Similarly, we can estimate the percentage of our assets that should be invested in each asset class given our risk appetite. Points below the efficient frontiers are suboptimal investments and positions above the efficient frontiers are impossible positions.

**Conclusion**

In this article, we looked at how we can invest our wealth to get the maximum possible returns. We discussed the Modern Portfolio Theory and showed how it helps us answer the question, “How should we invest our wealth?”, by estimating the maximum return for each risk profile.
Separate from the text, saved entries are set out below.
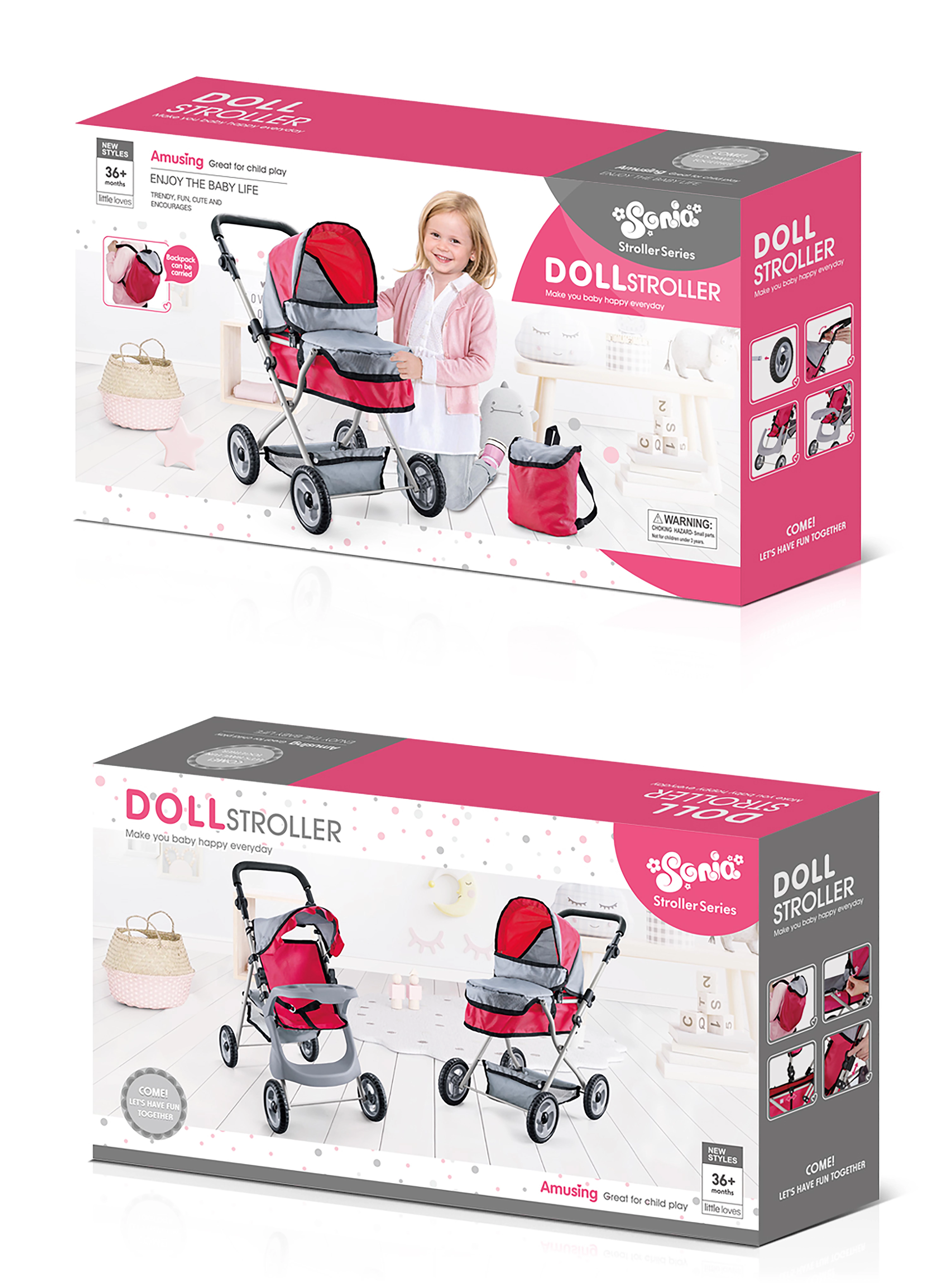Kočík je navrhnutý tak, aby sa deťom dobre ovládal doma aj vonku. Jeho rozmery 37,5 × 64,5 × 66,5 cm z neho robia praktický doplnok na hranie, ktorý zároveň podporuje rozvoj kreativity a jemnej motoriky.
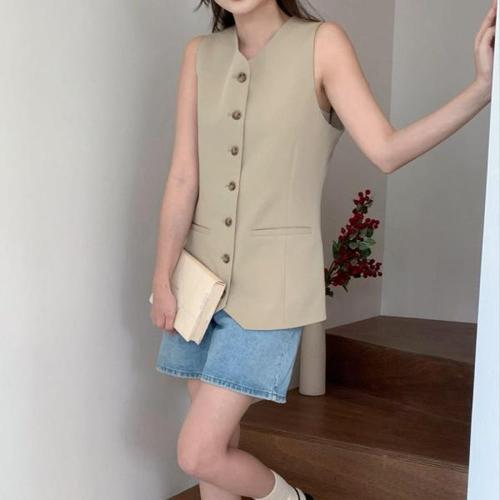 여성용 여름 린넨 베스트 조끼 롱 기장 안감 처리 브이넥 가벼운 민소매 블레이져 오피스룩 포켓
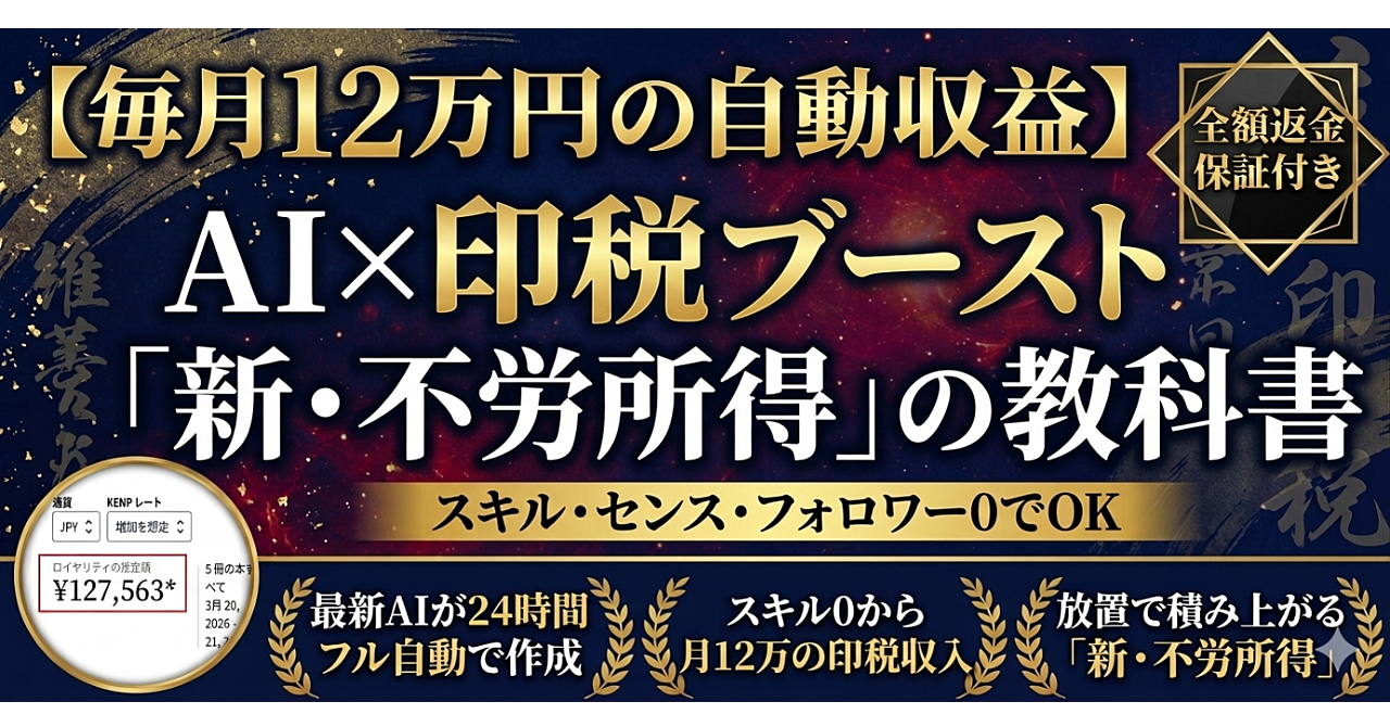 【毎月12万円の自動収益】AI×印税ブースト「新・不労所得」の教科書|スキル・センス・フォロワー0でOK
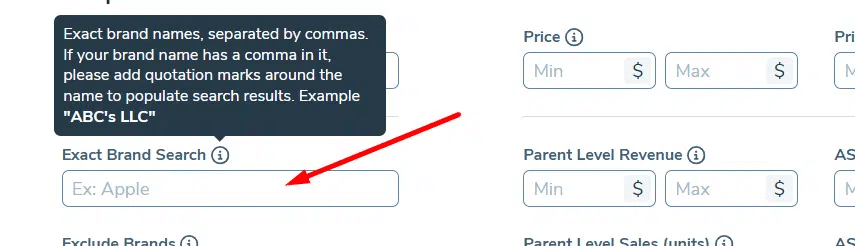 Note: If you copied the brand name (usually shown near the product title), you should use the “Exact Brand Search” field instead.
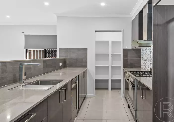 -Modern kitchen with stainless steel appliances & stone benchtops
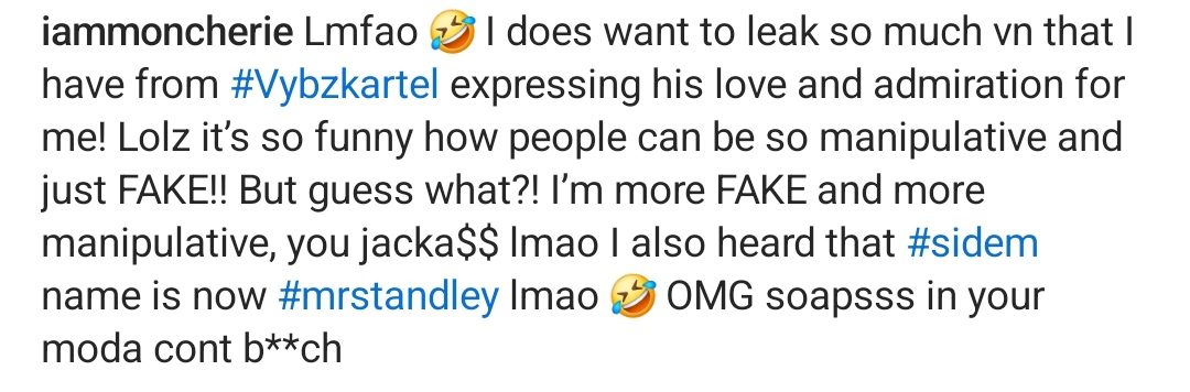She wrote, “Lmfao I do want to leak so much vn that I have from Vybz Kartel expressing his love and admiration for me! Lolz, it’s so funny how people can be so manipulative and just FAKE!! But guess what?! I’m more FAKE and more manipulative, you jackass. $$ lmao I also heard that #sidem’s name is now #mrstandley lmao. OMG soapsss in your moda cont b**ch.”
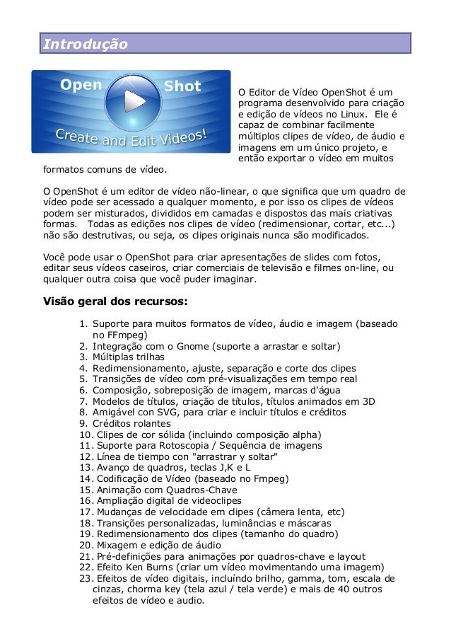 Utilizando O Openshot Do Linux Editor De Imagens E Musica
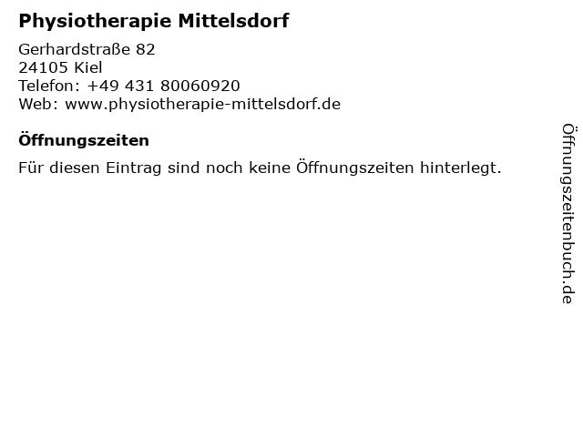 | Öffnungszeiten Physiotherapie Mittelsdorf in Kiel anzeigen | |
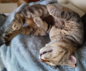 かえって来たトラ子が私左にいて、福が右にいます。男の仔たちは甘えん坊。女の仔の甘え方はツンデレです。でも、私の寝床の私が寝た場所でうめは寝ます。これが女の仔の甘え方。
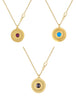 The Bullseye Pendant is 28mm in diameter (approx 1 ¼”) with either 8mm cabochon Ruby (approx 3.25 ct), Turquoise or Grey Pearl.
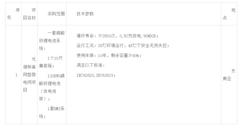 備注:采購1-2套儲能系統(tǒng)樣品用于東南亞儲能項(xiàng)目
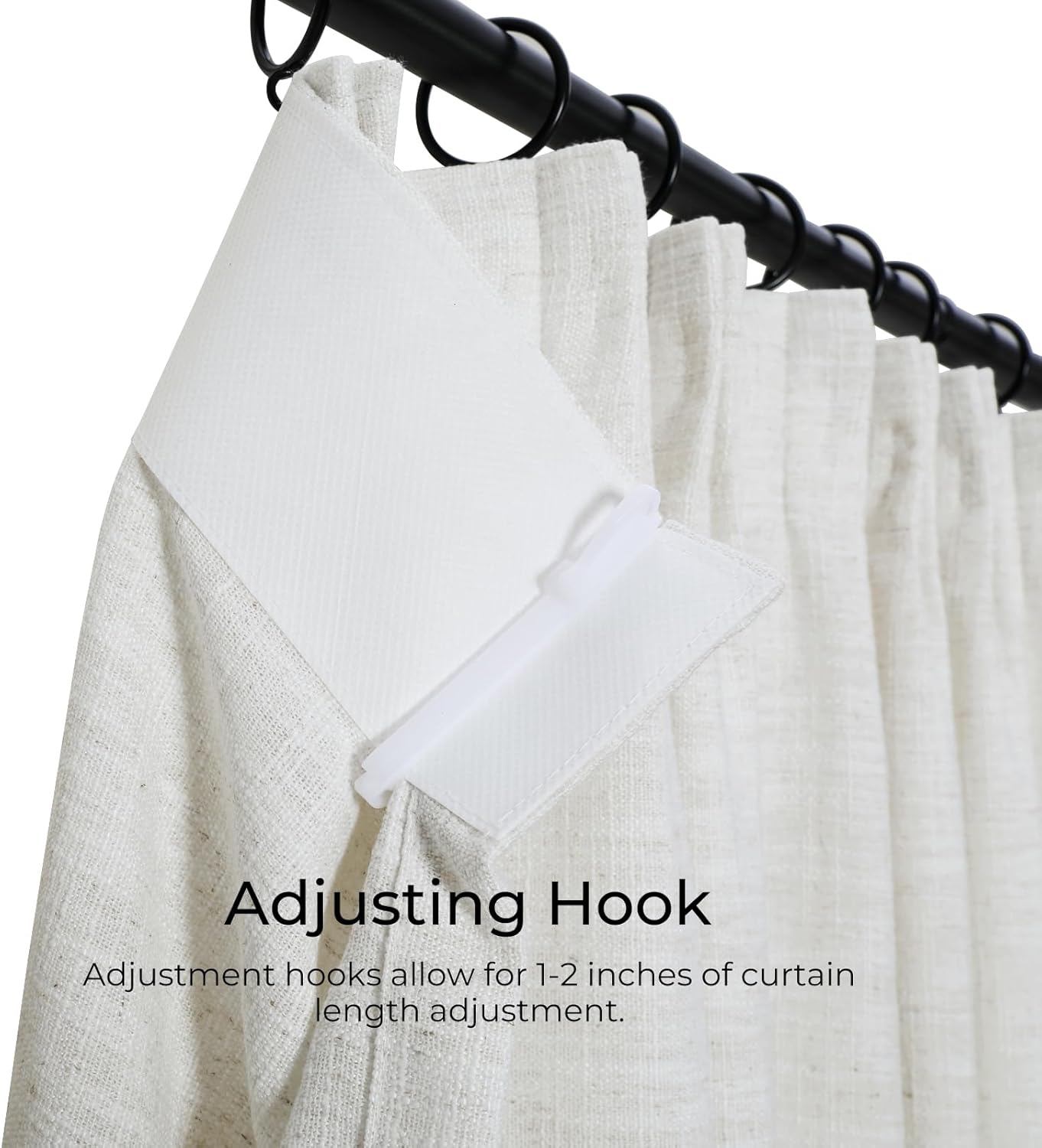 • Come with Adjustable Pin Hooks: 6 pleats for 26″ width;8 pleats for 36″ width;10 pleats for 52″ width; 14 pleats for 72″ width; 16 pleats for 84″ width; 19 pleats for 100″ width; 21 pleats for 110″ width, 23 pleats for 120″ width, 29 pleats for 150″ width.
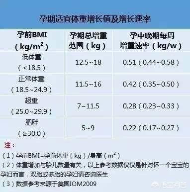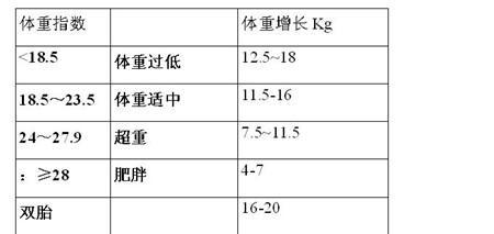 孕期体重增长标准
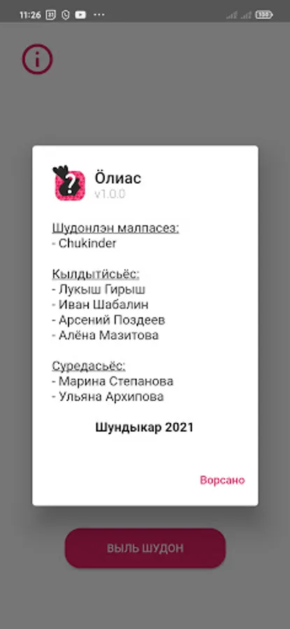 Kapchiez ӝӧk vilyn, shuo kalykyn! Nosh Ӧlias shudonyn kylyos pӧrtem pumo luo: kanyl, shoro-cuspo but seyt! Kylyosles seytlykse achid byryy!
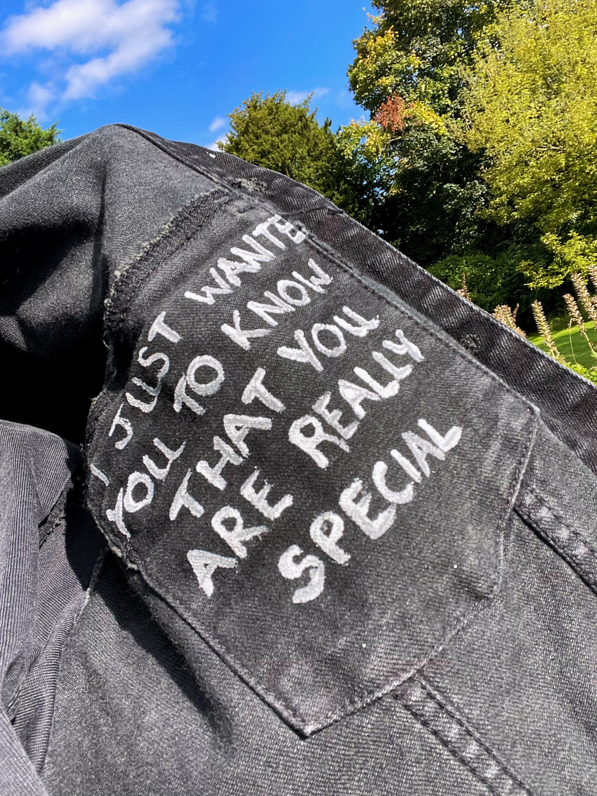 Shimmering stars and bold, colorful strokes flow along the sleeves, while the message “With Love” is subtly painted on the cuff, balancing the playful vibe with a touch of warmth.

We showed how the MPT is applied to two asset classes and extended to a portfolio with more than two assets. And we concluded that investments below the efficient frontiers give suboptimal returns. One area we did not discuss is shorting of a stock. This analysis can be extended to investigate the efficient frontiers for stocks with one or more negative weight - shorting.